WHAT IS EXPECTED:
Below is a listing to copy exactly; no image goes into the copy.

EXERCISE DATA:
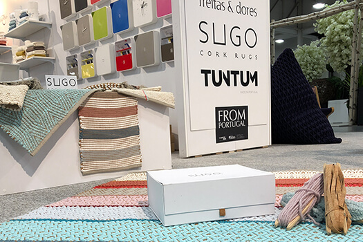 "SUGO CORK RUGS is a complete and patent-pending new brand of hand-woven rugs made with cork with a contemporary, sustainable and innovative design that brings the traditional weaving art techniques back."
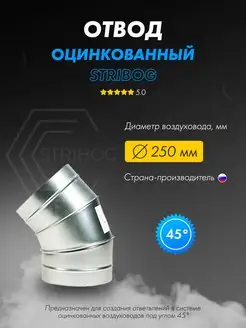 Отвод вентиляционный оцинкованный круглый D250 мм 45°
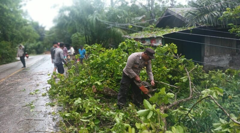 Paser – Anggota Polsek Tanah Grogot Polres paser gerak cepat memberikan bantuan dalam evakuasi pohon yang tumbang dan mengatur lalu
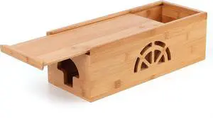 ZhiYo Wood Cable Management Box, Large Cord Organizer Box for Power Strip, Extension Cord Hider for Office, Desk Cable Storage Box for Wire Management, Floor Outlet Hider, 14.2" L × 6.7" W × 6.3" H

PROBLEM SOLUTION:
 "SUGO CORK RUGS is a complete and patent-pending new brand of hand-woven rugs made with cork with a contemporary, sustainable and innovative design that brings the traditional weaving art techniques back."
 Отвод вентиляционный оцинкованный круглый D250 мм 45°
 Paser – Anggota Polsek Tanah Grogot Polres paser gerak cepat memberikan bantuan dalam evakuasi pohon yang tumbang dan mengatur lalu
 ZhiYo Wood Cable Management Box, Large Cord Organizer Box for Power Strip, Extension Cord Hider for Office, Desk Cable Storage Box for Wire Management, Floor Outlet Hider, 14.2" L × 6.7" W × 6.3" H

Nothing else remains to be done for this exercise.